» Data for this task
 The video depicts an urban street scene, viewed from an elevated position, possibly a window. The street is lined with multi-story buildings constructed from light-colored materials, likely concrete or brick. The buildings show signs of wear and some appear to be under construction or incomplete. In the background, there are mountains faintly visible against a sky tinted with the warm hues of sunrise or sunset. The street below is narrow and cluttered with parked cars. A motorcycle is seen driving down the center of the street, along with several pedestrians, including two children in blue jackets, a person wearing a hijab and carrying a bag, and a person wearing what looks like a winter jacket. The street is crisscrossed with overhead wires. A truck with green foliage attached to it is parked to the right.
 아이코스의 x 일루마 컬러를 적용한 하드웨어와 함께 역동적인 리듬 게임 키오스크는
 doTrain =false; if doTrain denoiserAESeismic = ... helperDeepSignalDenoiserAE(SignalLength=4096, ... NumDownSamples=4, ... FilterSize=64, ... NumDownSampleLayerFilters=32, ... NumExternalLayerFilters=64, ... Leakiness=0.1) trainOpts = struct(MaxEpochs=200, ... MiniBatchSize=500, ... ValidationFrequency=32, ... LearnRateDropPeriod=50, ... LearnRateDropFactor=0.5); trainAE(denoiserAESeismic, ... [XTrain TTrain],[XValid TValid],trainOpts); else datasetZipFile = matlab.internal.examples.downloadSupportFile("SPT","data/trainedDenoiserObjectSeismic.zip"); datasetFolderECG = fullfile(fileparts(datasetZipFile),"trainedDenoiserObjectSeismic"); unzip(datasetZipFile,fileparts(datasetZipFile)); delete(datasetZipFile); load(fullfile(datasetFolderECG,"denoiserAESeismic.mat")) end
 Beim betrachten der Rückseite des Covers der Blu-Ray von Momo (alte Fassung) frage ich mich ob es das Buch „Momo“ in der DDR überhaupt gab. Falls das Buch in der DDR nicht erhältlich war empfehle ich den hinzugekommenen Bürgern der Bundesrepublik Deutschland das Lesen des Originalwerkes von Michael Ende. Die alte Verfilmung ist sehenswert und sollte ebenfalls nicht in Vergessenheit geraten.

--

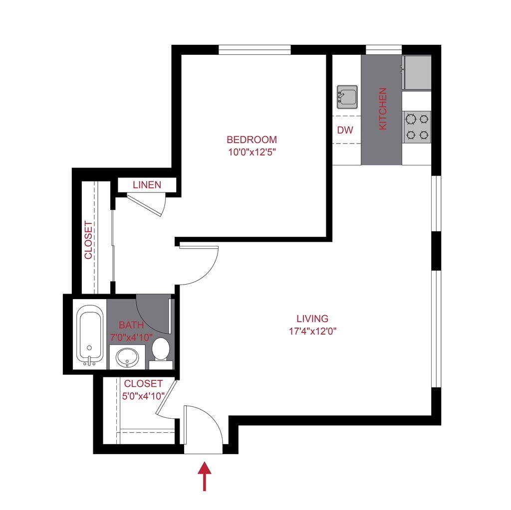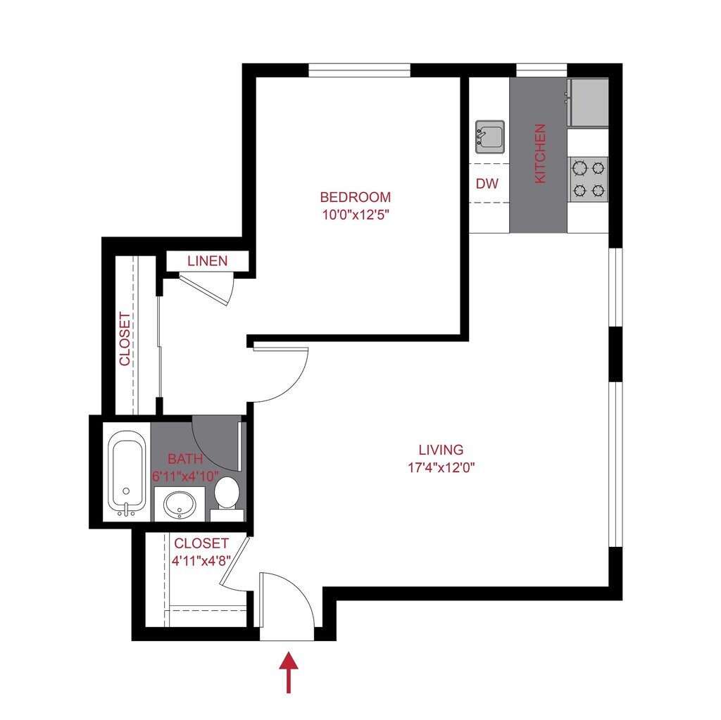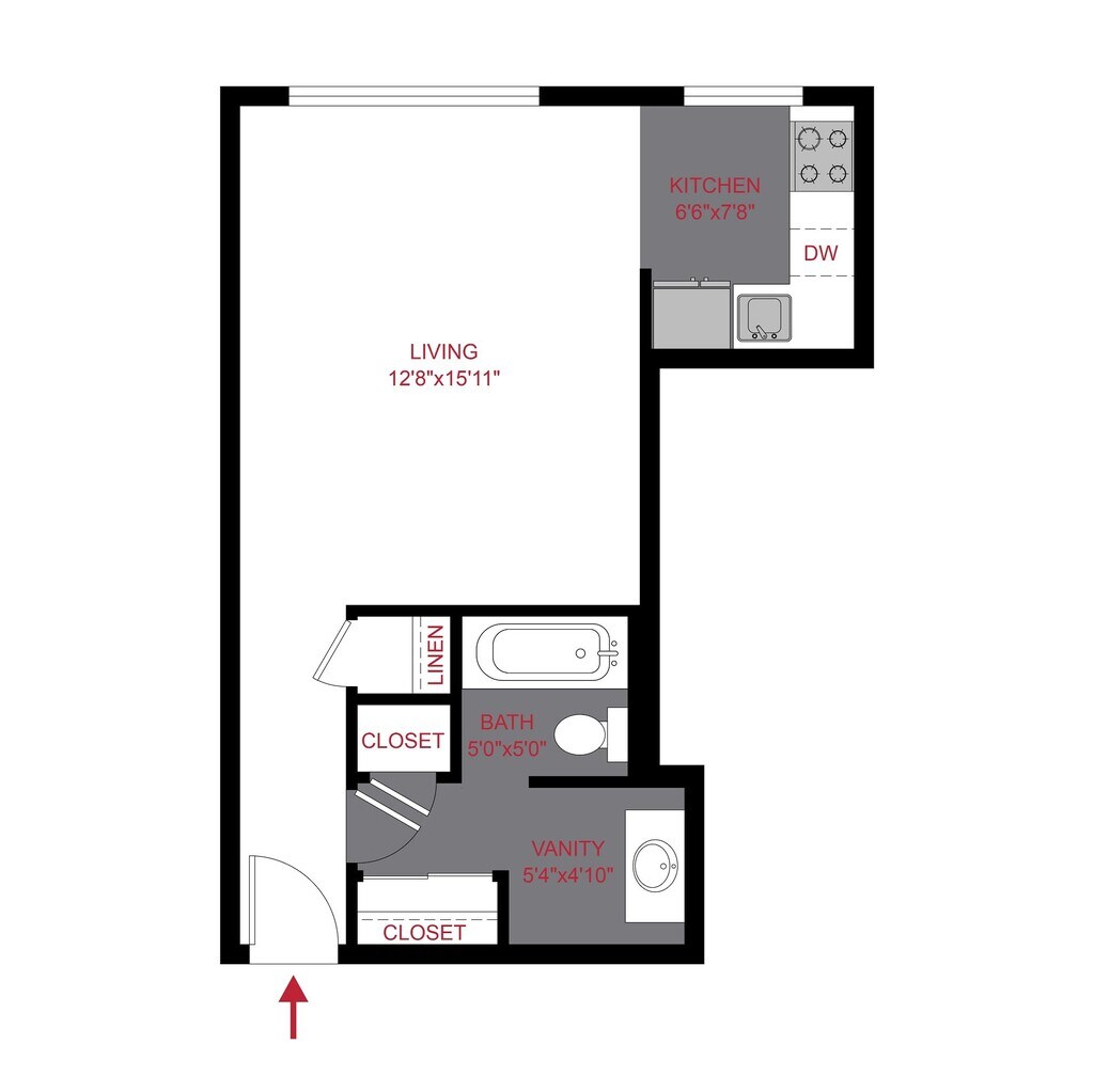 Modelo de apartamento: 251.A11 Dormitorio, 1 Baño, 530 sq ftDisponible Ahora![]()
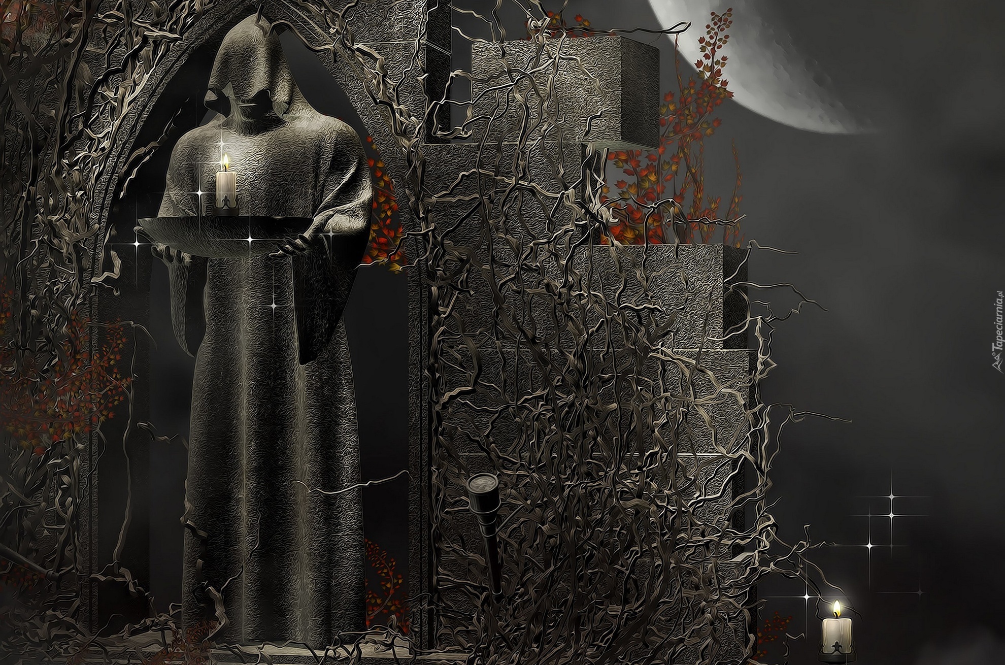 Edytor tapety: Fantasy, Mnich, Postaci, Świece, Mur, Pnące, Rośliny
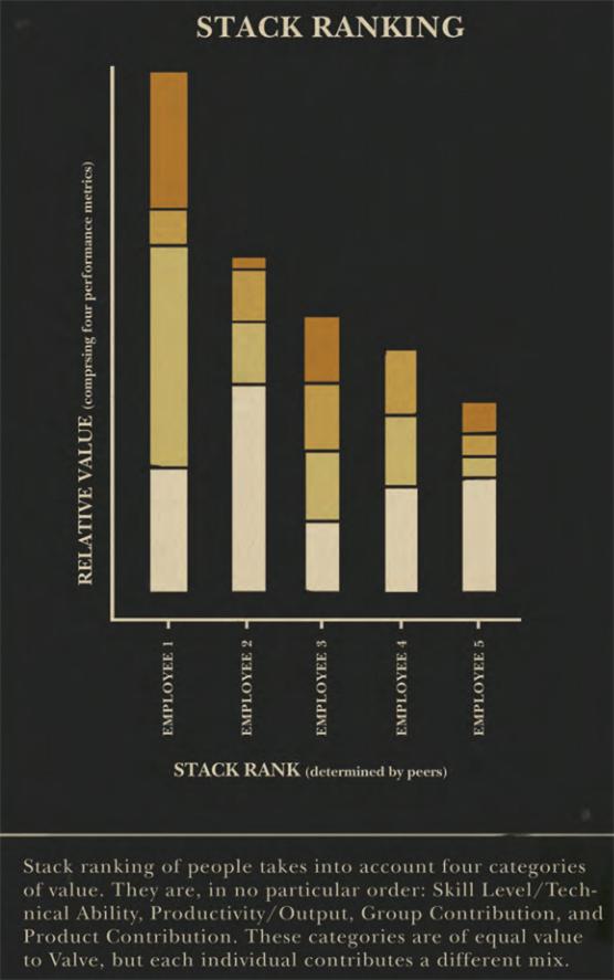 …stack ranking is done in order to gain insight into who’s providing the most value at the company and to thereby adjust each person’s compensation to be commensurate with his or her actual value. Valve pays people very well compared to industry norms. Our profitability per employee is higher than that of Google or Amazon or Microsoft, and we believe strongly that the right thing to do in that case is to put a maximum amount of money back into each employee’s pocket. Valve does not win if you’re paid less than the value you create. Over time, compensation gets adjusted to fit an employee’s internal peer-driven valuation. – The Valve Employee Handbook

--

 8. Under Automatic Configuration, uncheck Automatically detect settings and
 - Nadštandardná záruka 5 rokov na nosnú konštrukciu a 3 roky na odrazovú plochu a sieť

» Exercise prompt
Please, from the material above, copy only the lines from the line with "8. Under Automatic" up to and including the line with "- Nadštandardná záruka", exactly as written.

» Answer for the task
 8. Under Automatic Configuration, uncheck Automatically detect settings and
 - Nadštandardná záruka 5 rokov na nosnú konštrukciu a 3 roky na odrazovú plochu a sieť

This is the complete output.